Segment Start: Extracted material

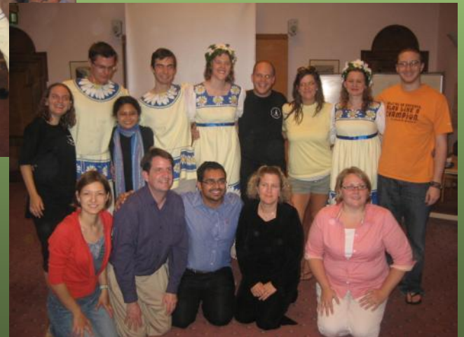
Group picture of Russia and USA.
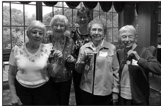
Our heroes - volunteers who have delivered meals for over 20 years.

Over 100 Meals on Wheels volunteers were honored at a luncheon hosted by The Washington House on October 14. It was a rare occasion to find this group, who are usually delivering meals throughout the city, all in one place enjoying a meal together.
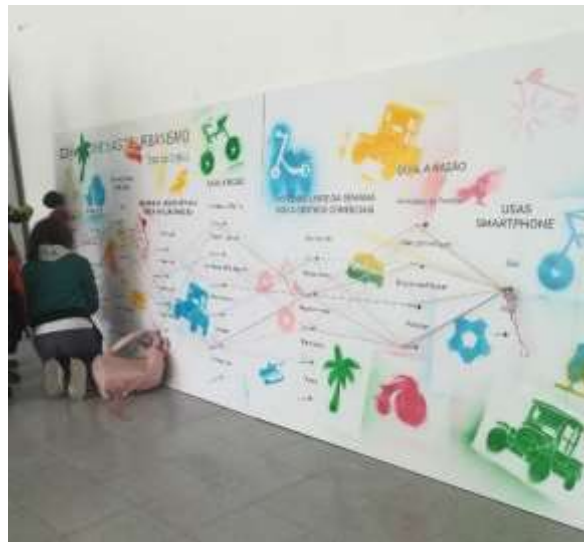
Figure 3. Students interacting with a structure available in the school lobby prior to the labs to collect ideas from the broader school community

transforming learning into a more organic process. This is relevant, as the recent education legislation in Portugal requires more curricular flexibility and considering the particularities of the community (Decree-Law 54/2018). Teenagers also benefit from a better urban education or territorial capacity building as “a way of giving people some certainty and of embodying knowledge rooted in their spaces, the ones they create and know at the same time that they create themselves, as individuals and citizens” (Estrela & Smaniotto, 2019: 48). To build more inclusive, safe, resilient, and sustainable cities, policy makers must commit to building teenagers’ capacity and overcome stereotypes.
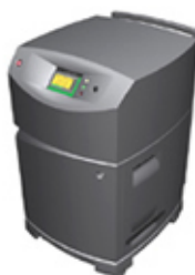
1 kW Hydrogen Power Module

Nuvera Fuel Cells has successfully demonstrated a natural gas fuel cell powering a Verizon telecommunication system. The joint effort between Nuvera and Verizon, which will span a two-year period, includes the development, testing and evaluation of fuel cell powered demonstration units in the 5 kW range. Such systems could be used in the future to provide primary or backup power for telecom switch nodes, cell towers, and other electronic systems that would benefit from on-site, direct DC power supply.
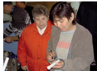
Bringing learned on making pumps in the praxis

Segment End: Extracted material

Assignment:
An exact repetition of all the records above is required, excluding the pictures.

Task answer:
Group picture of Russia and USA.
Our heroes - volunteers who have delivered meals for over 20 years.

Over 100 Meals on Wheels volunteers were honored at a luncheon hosted by The Washington House on October 14. It was a rare occasion to find this group, who are usually delivering meals throughout the city, all in one place enjoying a meal together.
Figure 3. Students interacting with a structure available in the school lobby prior to the labs to collect ideas from the broader school community

transforming learning into a more organic process. This is relevant, as the recent education legislation in Portugal requires more curricular flexibility and considering the particularities of the community (Decree-Law 54/2018). Teenagers also benefit from a better urban education or territorial capacity building as “a way of giving people some certainty and of embodying knowledge rooted in their spaces, the ones they create and know at the same time that they create themselves, as individuals and citizens” (Estrela & Smaniotto, 2019: 48). To build more inclusive, safe, resilient, and sustainable cities, policy makers must commit to building teenagers’ capacity and overcome stereotypes.
1 kW Hydrogen Power Module

Nuvera Fuel Cells has successfully demonstrated a natural gas fuel cell powering a Verizon telecommunication system. The joint effort between Nuvera and Verizon, which will span a two-year period, includes the development, testing and evaluation of fuel cell powered demonstration units in the 5 kW range. Such systems could be used in the future to provide primary or backup power for telecom switch nodes, cell towers, and other electronic systems that would benefit from on-site, direct DC power supply.
Bringing learned on making pumps in the praxis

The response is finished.